Configuring Pages CMS
To match this setup, we configure Pages CMS using a .pages.config.yml file:
.pages.config.yml
content:
– name: blog
label: Blog
path: src/content/blog
filename: ‘{year}-{month}-{day}-{fields.title}.md’
type: collection
view:
fields: [heroImage, title, pubDate]
fields:
– name: title
label: Title
type: string
– name: description
label: Description
type: text
– name: pubDate
label: Publication Date
type: date
options:
format: MM/dd/yyyy
– name: updatedDate
label: Last Updated Date
type: date
options:
format: MM/dd/yyyy
– name: heroImage
label: Hero Image
type: image
– name: body
label: Body
type: rich-text
This configuration tells Pages CMS where to save blog posts and how to structure each entry. The filename is dynamically generated, and the fields align with Astro’s expected schema.

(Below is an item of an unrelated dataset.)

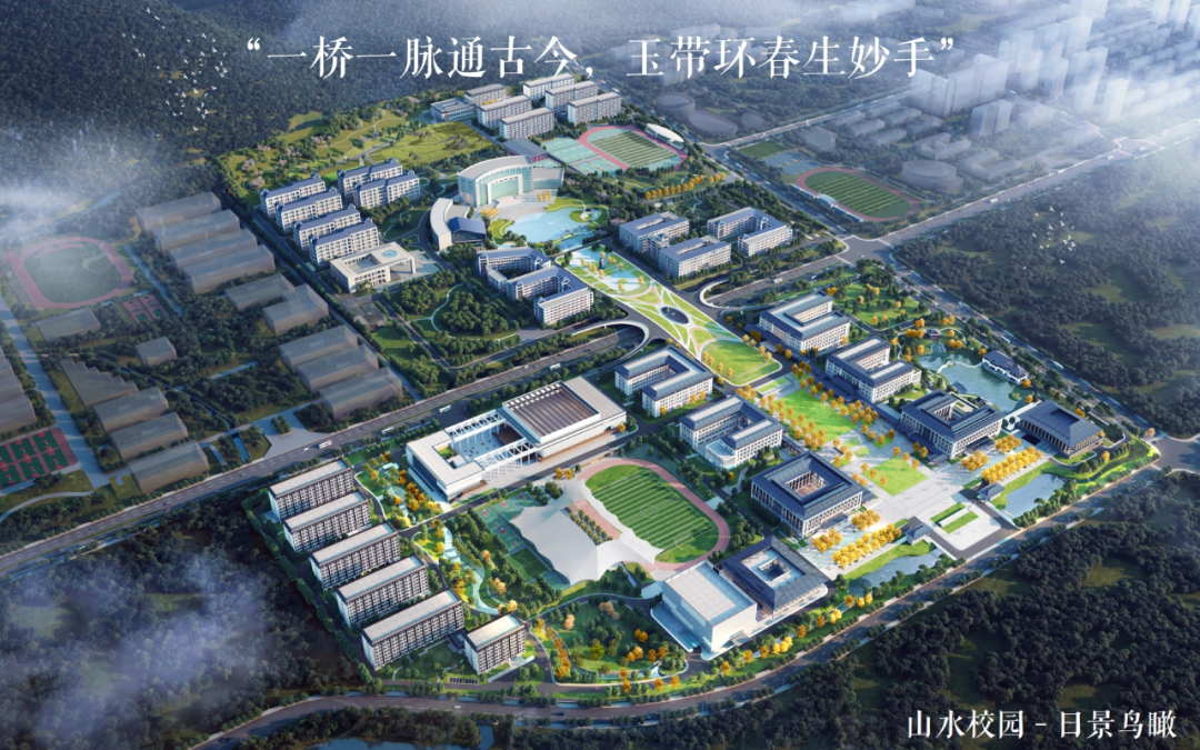 浙江中医药大学富春校区设计以中医文化、宋韵文化与富春山水文化有机结合为特色,整体布局科学合理,建筑风格庄严大气,人文韵味内涵深厚。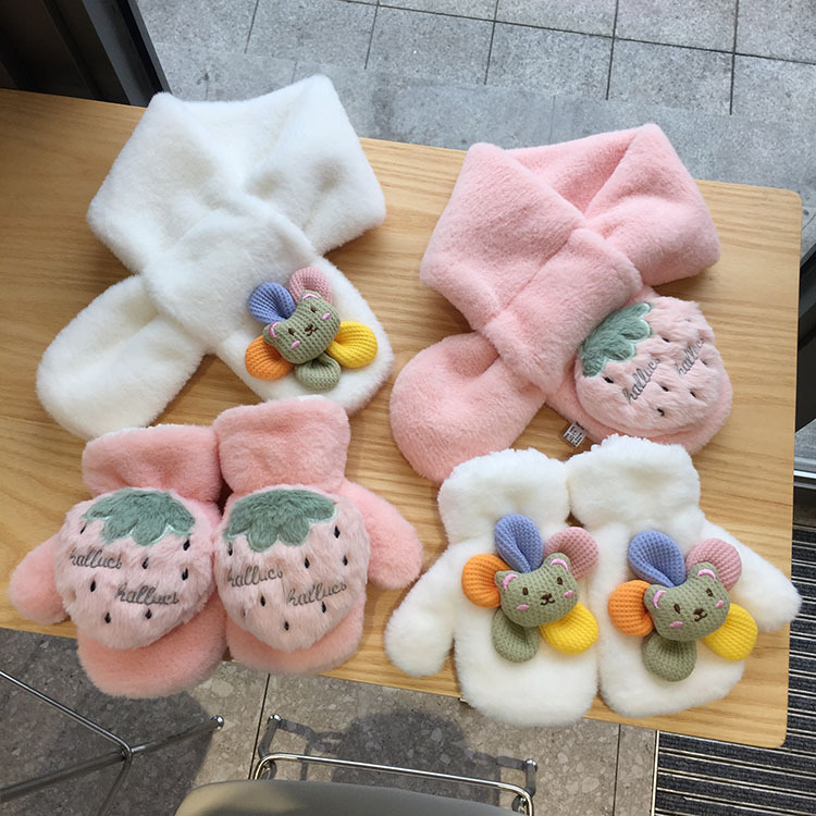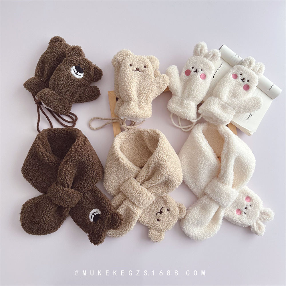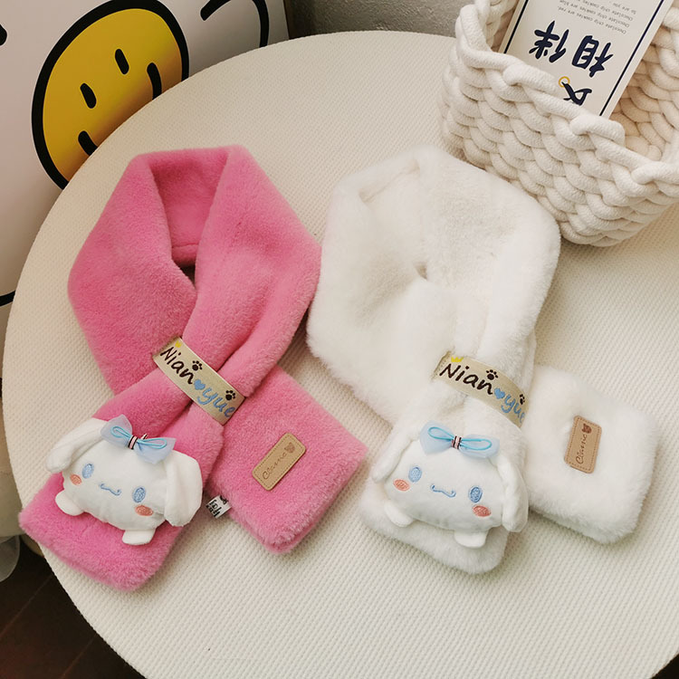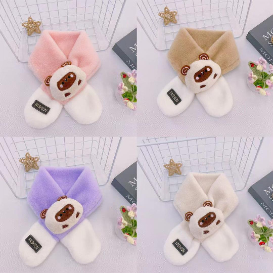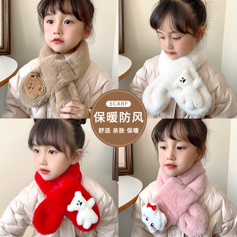 2024新型児童マフラー秋冬のぬいぐるみかわいいアニメ熊は保温してウサギ毛防止赤ちゃんが首を囲んでいる

You can also manage standalone configuration files. For example:
– name: site-settings
label: Site Settings
path: src/config/site.json
type: file
fields:
– name: title
label: Website title
type: string
– name: description
label: Website description
type: string
– name: url
label: Website URL
type: string
pattern: ^(https?://)?(www.)?[a-zA-Z0-9.-]+.[a-zA-Z]{2,}(/[^s]*)?$
– name: cover
label: Preview image
type: image
Media assets like images and videos can be stored in a public/media folder:
media:
input: public/media
output: /media
This ensures compatibility with Astro and Vite, which expects paths to start from /media instead of /public/media.